Alexander Bruce, of the hotel industry association Hospitality NT, says an expensive lesson, that may yet turn out to have fatal consequences, has been learned this week, and a “surge capacity” will be put in place.

The NT Government and the industry are coming to an agreement about that.

While the hotels can be adapted for joint tourism and quarantine use, there are significant costs.

There would need to be two completely separated staffs. The quarantine one would ideally be living on site for a number of weeks and themselves quarantining at the end of their stints.

That would include hotel and health staff, catering as well as police. Workers would be separated from their families for six to eight weeks.

Mr Bruce says at the moment staff go home every night – a risky practice.

Tourism and quarantine sections would have to be physically separated. Normal guests would feel uncomfortable or even threatened by being close to people in quarantine.

There would need to be “iron clad commitments” between the government and the industry with all systems in place and capable of being implemented at very short notice, says Mr Bruce.

None of that was the case in Alice Springs earlier this week, notwithstanding the fact that the virus has been around for close to a year.

Transport was also a problem, with people catching taxis from the airport to go home this week.
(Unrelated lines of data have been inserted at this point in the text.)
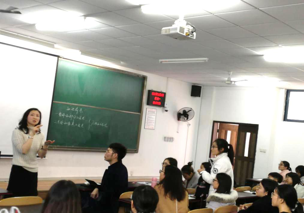 接着代老师谈到了同学们在实习中实际应注意的问题。代老师谈到在实习中听课时应注意要实现从“听课”到“课堂观察”的转变。紧接着代老师向同学门展示了优质教案,让同学们更加明确一份优秀教案应具有的特质。代老师还给大家分享了当前中学招聘的一些要求,并强调了应聘时学校比较看重的素质。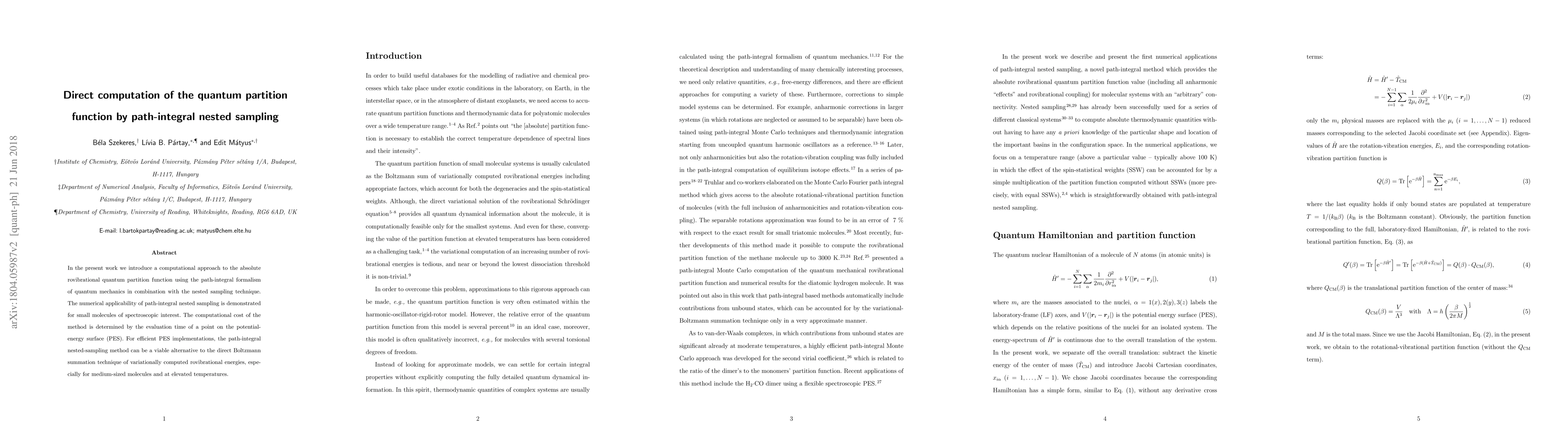 This paper presents a computational method combining path-integral formalism with nested sampling to calculate the quantum partition function for rovibrational states. The method is shown to be effective for small molecules and offers a cost-efficient alternative to direct Boltzmann summation, particularly for medium-sized molecules at higher temperatures.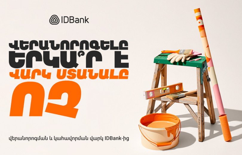 IDBank-ն առաջարկում է ՀՀ դրամով մատչելի ու արագ վարկեր առաջնային շուկայից ձեռքբերված կամ ձեռքբերվող անշարժ գույքի վերանորոգման ու կահավորման համար։ Տրամադրվող վարկի գումարի չափը 2 միլիոնից մինչև 20 միլիոն ՀՀ դրամ է՝ 13․75% անվանական, և 14.50-14.80% տարեկան փաստացի տոկոսադրույքներով, որը հնարավոր կլինի մարել առավելագույնը 120 ամսվա ընթացքում։ Ի դեպ, մինչև 10 մլն ՀՀ դրամի վարկը Բանկը տրամադրում է առանց եկամուտների վերլուծության։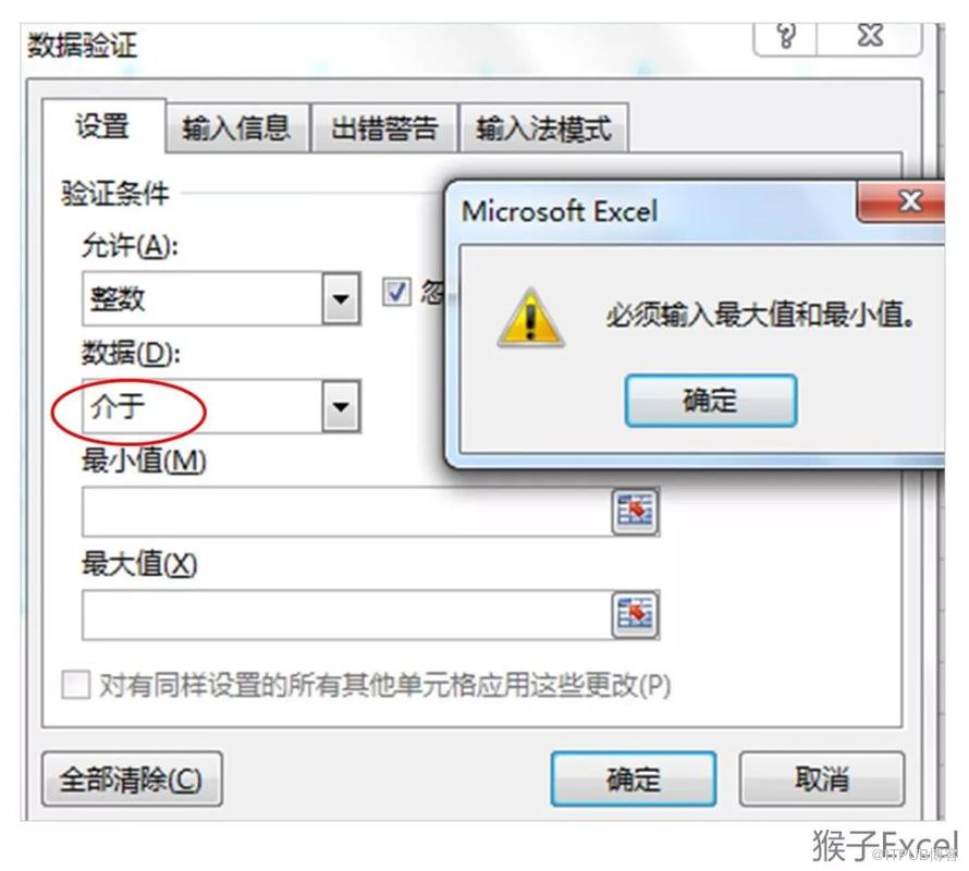 这里“允许”下拉框选择“整数”后,“数据”会默认“介于”,出现“介于”的情况下,必须输入最大值和最小值,以控制数据的范围,如下图所示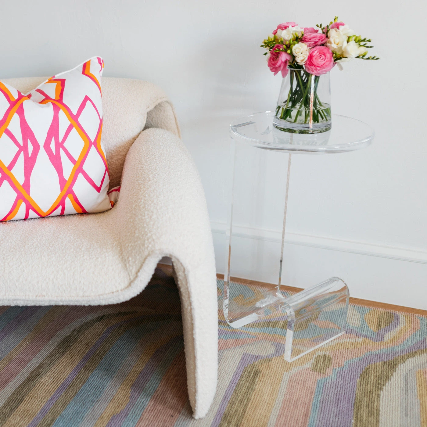 This barely-there acrylic design features a magazine/book holder and minimalist appearance that fits anywhere you need it to.Â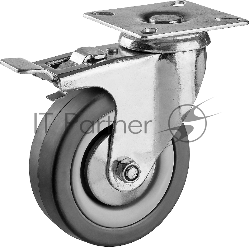 Колесо поворотное с тормозом d=75 мм, г/п 50 кг, резина/полипропилен, ЗУБР
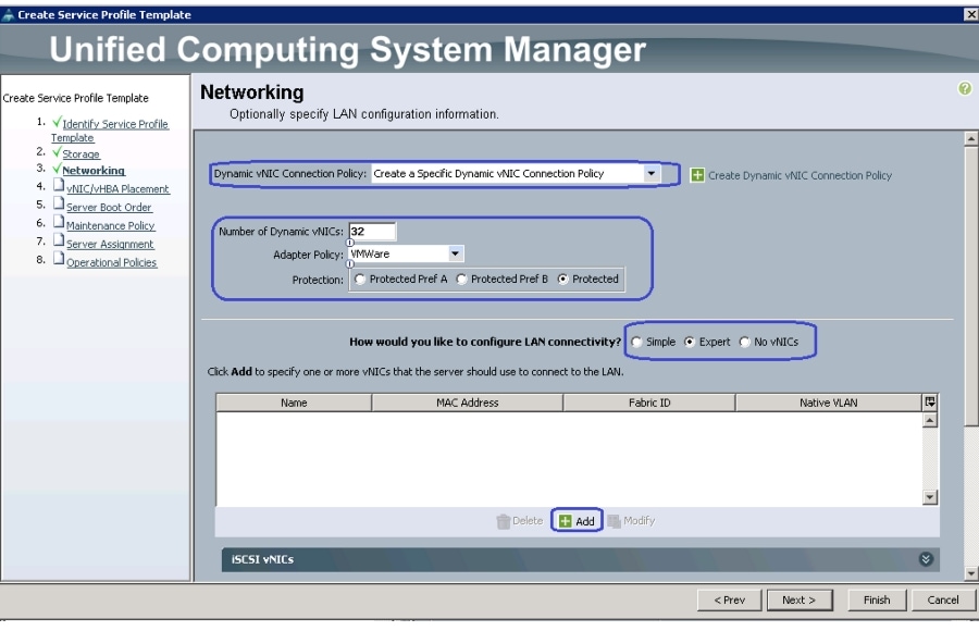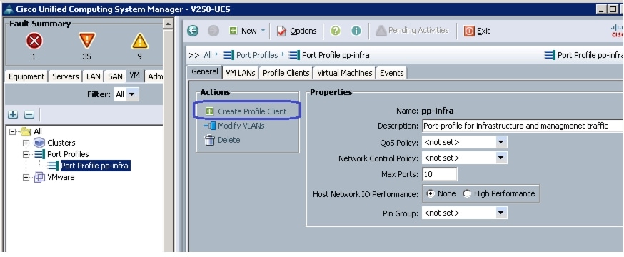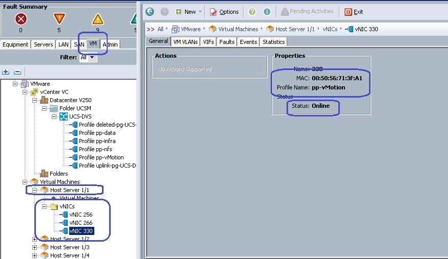 You can verify in the UCSM window that every hypervisor host has now 3 vNICs, one in each "pp-vMotion", "pp-infra" and "pp-nfs" port-profile. This can be verified on the "VM" tab by clicking VMware > Virtual Machines, "Host Server x/y" and "vNICs" as highlighted in Figure 227.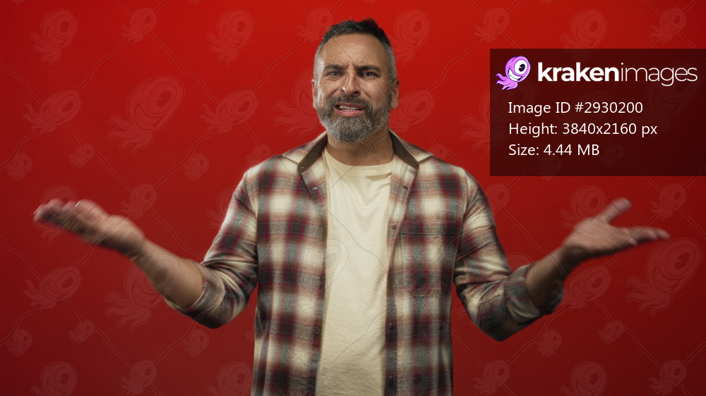 Man showing hands raised, pointing finger and open palms in red studio; frustration warning admonition stern.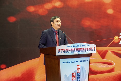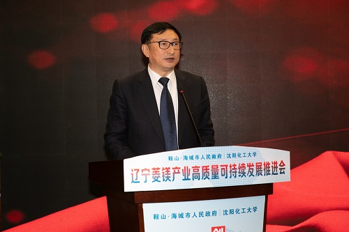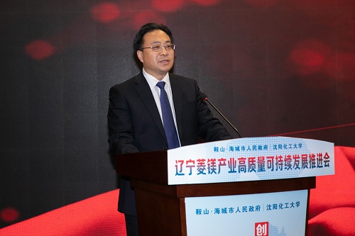 海城市委书记郑孝刚致辞。他指出,此次BB贝博艾弗森官方网站与海城市签署融合创新驱动菱镁产业高层发展投资协议,是构建让企业做盟主,形成政府围绕企业转、企业围绕市场转、创新围绕需求转的良性循环的一次生动实践。他表示,今后,海城市委、市政府将一如既往支持各级各类高校和科研院所与海城开展合作,加快科技创新体系建设,推进科技创新成果转化,为新时代辽宁全面振兴、全方位振兴助力添彩。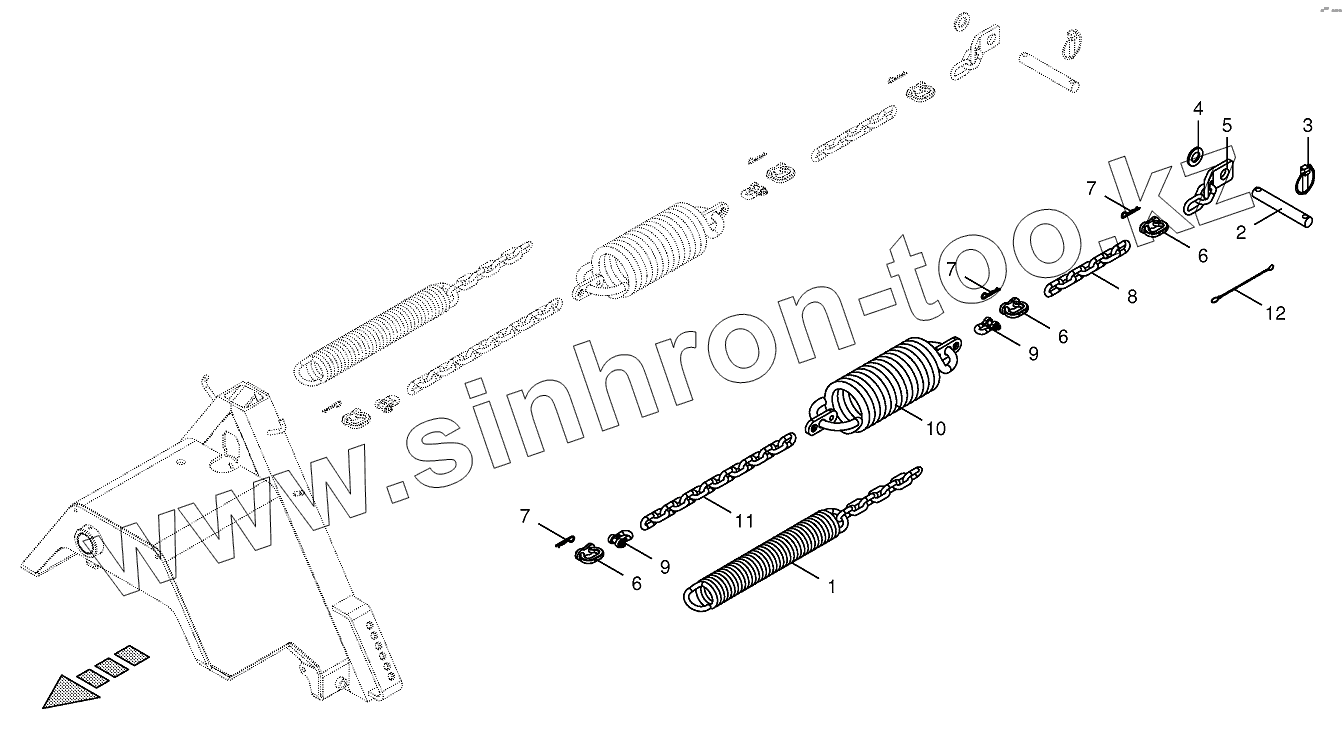 Каталог запасных частей к технике: KRONE EC F280/320/360. Spring compensation 864001 -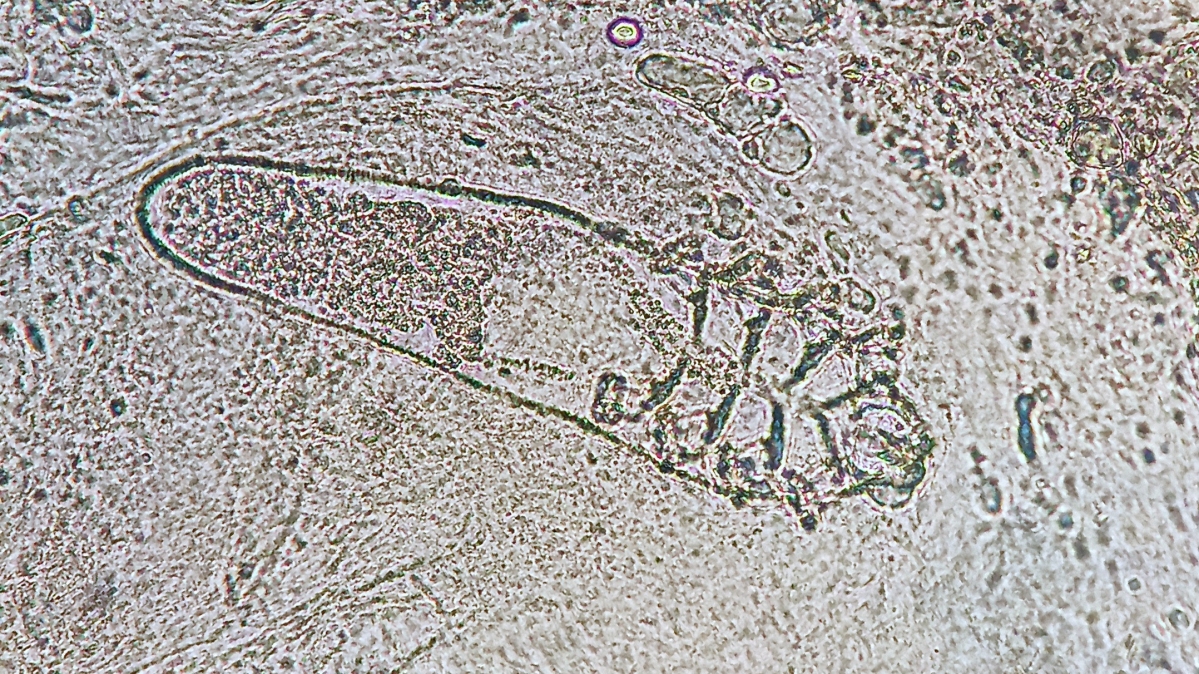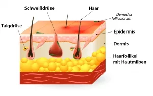 Sie sind mit bloßem Auge nahezu unsichtbar, harmlos und doch fast allgegenwärtig: Gut 90 Prozent der Menschen tragen in ihrer Haut winzige Milben mit sich herum. Die achtbeinigen Spinnentiere sind nur 0,1 bis 0,4 Millimeter klein und wurmähnlich langegezogen. Dadurch passen die Haarbalgmilben, fachsprachlich Demodex folliculorum, perfekt in die engen Hohlräume unserer Haarfollikel, den Wurzeln, aus den unsere Haare sprießen.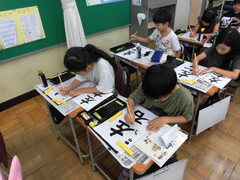 4年生 毛筆の様子です。「すー、とんっ」と声を出しながら、プリントになぞり書きをして、字形を確かめました。練習を経て「林」の文字を丁寧に書くことができました。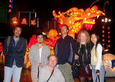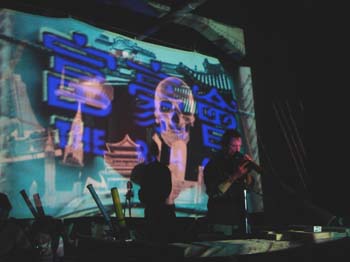 „Urban Chaos“ multimedial (im Vordergrund: Phil Conyngham mit Didgeridoo) Wir hatten auch Dias vorbereitet auf denen Schlagworte wie „Moloch“, „Profit“ oder „Obdachlosigkeit“ ins Chinesische übersetzt waren. Die mit Hilfe des Videomischers verfremdeten Bilder waren selbst in unseren Augen beeindruckend und es schien, als gäbe es ein lange minutiös vorbereitetes Zusammenspiel der chinesischen Elektronikmusiker, des australischen Didgeridoo-Virtuosen und unseren Projektionen. Es waren nicht nur diverse Fotohandys und Digitalkameras auf das Geschehen auf der Bühne gerichtet, man erkannte in diversen zufälligen Bildkombinationen tiefe Aussagen. „Wolltet ihr mit dem Wort ’Babylon’ über dem Financial Place von Chongqing sagen, dass der Versuch zu hoch hinaus zu wollen bitter bestraft wird?“ Die Fragen setzten sich auch in verschiedenen Journalistengesprächen fort. Als einer der Journalisten nach dem Interview noch persönliche Fragen nach Falun Gong stellte, verließ unsere Übersetzerin den Raum und beendete das Gespräch abrupt. (Karsten Weber, Filmgruppe Chaos) |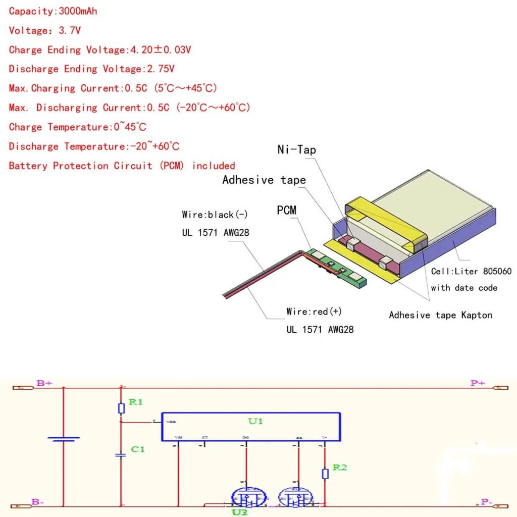 | क्षमता: | 3000 mAh | Charge Voltage: | 3.7-4.2V |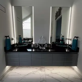 We added LED lighting to the bottom of the vanity and by the mirrors.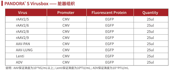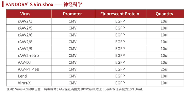 小建议:如您不确定选择哪种血清型,可尝试使用j9九游会生物Pandora’s Virus (AAV多种血清型)进行预实验,通过比较不同血清型对目标组织的感染效果,摸索最佳实验条件(注射方法、注射位点、病毒用量等),以便得到更理想的实验结果。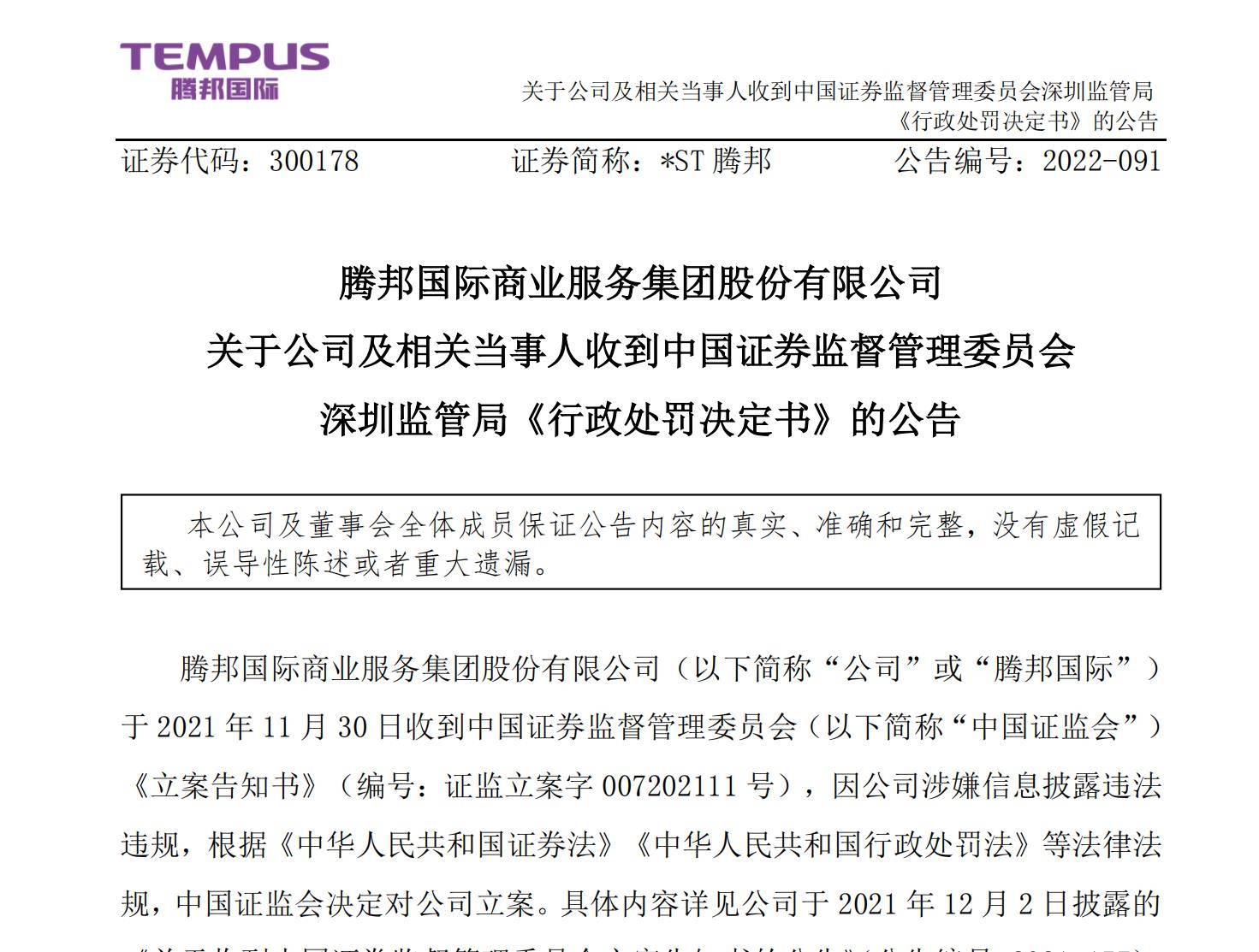 2022年5月5日,腾邦国际商业服务集团股份有限公司(简称公司或腾邦国际)被中国证监会行政处罚。

Mr Bruce says taxis are heavily used by Aboriginal people who are regarded as among the most vulnerable in the population.

Hotels became hotspots, to the detriment of their reputations, due to no fault of their own, simply by following government instructions.

“They were named and shamed for participating in good faith,” says Mr Bruce.

Quarantine operations may need to take on a military character to be effective.

Meanwhile Tourism Central Australia at its AGM passed a constitution change to include a representative from Barkly Regional Council on the board, and endorsed its Tourism Priority Action Plan.

Patrick Bedford remained the chairperson but there are now faces on the board: Nova Pomare (Angkerle Atwatye / Standley Chasm), Andrea Lehman (Outback Ballooning), David White (Voyages Indigenous Tourism Australia), Karl Bajzik (Yuba Napa Gallery), Mark Swindells (Uluru Segways and Uluru Audio Tours), Steven Baldwin (Outback Caravan Park Tennant Creek), Merrilyn Spencer, Nick Prus and Kassi Fleming (private members), Mayor Jeffery McLaughlin (Barkly Regional Council), Robert Jennings (Alice Springs Town Council), Jill Catchlove (Parks and Wildlife) and John Di Maria (Tourism Northern Territory).